Thursday, October 16, 2014

Elder Art: Collage



Scraps from my studio become art supplies
I brought a pile of autumn-hued fabric scraps to my art classes this week.

Adding leaves to a painted ground

Folks were surprised  that fabric could be an art supply. They loved the colors, the textures. Several noticed the silks and the remnants of hand-dyed table cloths. This is the generation that treasured those linens. 

This student, usually hesitant, often disappointed, loved the process.

a rich scene

For the Alzheimer's patients, however, tasks remained discrete. Think about it: gluing is made up of many steps. It requires a sense of what is possible in the immediate future, and that's just what Alzheimer's robs away. 

Every student needed one-on-one attention to get anything glued to paper. Then, the collaged image didn't hold together in their eyes. "It looks like blobs. There's too much white."
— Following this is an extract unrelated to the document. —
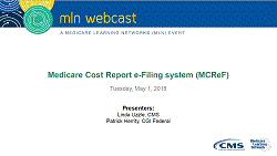Medicare Cost Report e-Filing System WebcastLearn how to use the Medicare Cost Report e-Filing (MCReF) system. Medicare Part A providers can use MCReF to submit cost reports with fiscal years ending on or after December 31, 2017. View the Medicare Cost Report e-Filing System Webcast |

 So we backed up and worked on the processes that made sense to each person.
Trimming a rough edge
Adding leaves to a painting
A bit of green linen for ground
Adding color to the background
One woman painted the tree's edges green.  I handed her a brush with orange paint on it, and she carefully over-painted all the leaves.
a second layer of color

 Then she painted the trunk orange. And smiled a huge smile.

I come home to world news and this work seems so small. But it requires time, attention, patience, creativity and quantities of love. We could all use more of that.

 "Your class is a constant in a sea of change," a director assured me. "What you do makes them happy. We see the effects for hours afterwards."